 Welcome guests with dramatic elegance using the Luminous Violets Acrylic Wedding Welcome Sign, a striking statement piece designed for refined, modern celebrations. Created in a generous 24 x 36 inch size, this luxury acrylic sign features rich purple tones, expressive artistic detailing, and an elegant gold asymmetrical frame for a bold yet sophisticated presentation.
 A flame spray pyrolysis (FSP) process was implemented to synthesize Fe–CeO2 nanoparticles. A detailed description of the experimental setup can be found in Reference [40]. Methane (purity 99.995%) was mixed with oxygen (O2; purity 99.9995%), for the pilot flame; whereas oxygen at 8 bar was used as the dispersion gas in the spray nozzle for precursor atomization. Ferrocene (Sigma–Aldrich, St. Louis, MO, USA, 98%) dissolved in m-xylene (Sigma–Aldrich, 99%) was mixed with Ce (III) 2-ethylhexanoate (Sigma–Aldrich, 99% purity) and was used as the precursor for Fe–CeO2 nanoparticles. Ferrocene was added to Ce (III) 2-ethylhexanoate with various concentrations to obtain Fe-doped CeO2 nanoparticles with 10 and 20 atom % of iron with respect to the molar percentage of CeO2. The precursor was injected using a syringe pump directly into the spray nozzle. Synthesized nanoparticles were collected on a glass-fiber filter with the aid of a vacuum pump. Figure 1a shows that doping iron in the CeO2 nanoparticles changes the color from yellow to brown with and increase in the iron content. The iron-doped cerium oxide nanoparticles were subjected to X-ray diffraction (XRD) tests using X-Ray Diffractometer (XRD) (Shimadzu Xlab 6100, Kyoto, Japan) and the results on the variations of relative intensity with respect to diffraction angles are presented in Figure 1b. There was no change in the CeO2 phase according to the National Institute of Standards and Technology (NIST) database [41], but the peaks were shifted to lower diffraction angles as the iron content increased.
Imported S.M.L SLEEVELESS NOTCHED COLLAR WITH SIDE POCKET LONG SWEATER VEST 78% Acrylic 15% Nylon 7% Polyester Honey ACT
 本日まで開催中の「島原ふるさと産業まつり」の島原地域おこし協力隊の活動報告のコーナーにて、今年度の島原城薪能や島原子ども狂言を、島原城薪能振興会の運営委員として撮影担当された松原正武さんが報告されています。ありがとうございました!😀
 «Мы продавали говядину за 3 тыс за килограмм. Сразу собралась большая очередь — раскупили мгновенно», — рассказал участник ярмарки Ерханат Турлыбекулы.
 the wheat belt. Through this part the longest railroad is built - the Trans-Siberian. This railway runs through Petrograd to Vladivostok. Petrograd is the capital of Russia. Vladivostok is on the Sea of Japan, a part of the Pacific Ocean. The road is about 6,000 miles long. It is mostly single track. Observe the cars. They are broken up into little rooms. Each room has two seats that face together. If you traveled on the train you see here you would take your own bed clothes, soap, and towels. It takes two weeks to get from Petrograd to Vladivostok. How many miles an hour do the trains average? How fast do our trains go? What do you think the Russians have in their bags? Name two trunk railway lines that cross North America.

§ WORK TASK:
Where does the string "Acrylic" occur in the listing above? Return every line that contains it.

§ SOLUTION TO THE PROBLEM:
 Welcome guests with dramatic elegance using the Luminous Violets Acrylic Wedding Welcome Sign, a striking statement piece designed for refined, modern celebrations. Created in a generous 24 x 36 inch size, this luxury acrylic sign features rich purple tones, expressive artistic detailing, and an elegant gold asymmetrical frame for a bold yet sophisticated presentation.
Imported S.M.L SLEEVELESS NOTCHED COLLAR WITH SIDE POCKET LONG SWEATER VEST 78% Acrylic 15% Nylon 7% Polyester Honey ACT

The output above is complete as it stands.